Bilston Craft Gallery is the largest dedicated craft venue in the West Midlands, located at Mount Pleasant, Bilston, near Bilston town centre.

==Building==

The two-storey stone residential house was built in 1905 as a home for the Harper family, the local lock manufacturers. It replaced a much older Regency building, Brueton House, built in 1818 by Thomas Brueton.
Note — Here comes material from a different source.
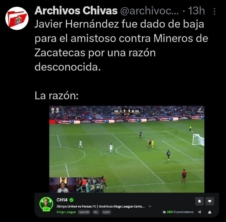 Chivas ya se encuentra en la pretemporada de cara al Clausura 2025 que arranca el próximo 10 de enero, pero lo hace sin la presencia de Chicharito Hernández. El delantero mexicano no estuvo en el amistoso contra Mineros de Zacatecas por una presunta ‘gripa’, aun así, festejó y lloró tras el título de Olimpo United en la Kings League Américas. Esta aparición provocó que los fanáticos del Rebaño Sagrado explotaran en las redes sociales.

Between 1918–30 the house was used by Bilston Girls High School. After the school had moved to a larger building and grounds, the house was re-modelled and a large extension at the rear of the building was added. From 1937-1990s, the building housed the Bilston Art Gallery and Museum. The building also houses Bilston Library.

==History==

Bilston Art Gallery and Museum was officially opened in 1937 by Professor Thomas Bodkin, the founding Director of the Barber Institute of Fine Arts, Birmingham.
The core of the collection was formed from about hundred paintings which were donated in 1937 to the gallery by William Thompson, formerly of Bilston, but then a resident of Colwyn Bay, Wales. In following decades, the Gallery regularly organised exhibitions of artworks by local artists, received various gifts and donations, and built a substantial collection of local art and artefacts related to local history.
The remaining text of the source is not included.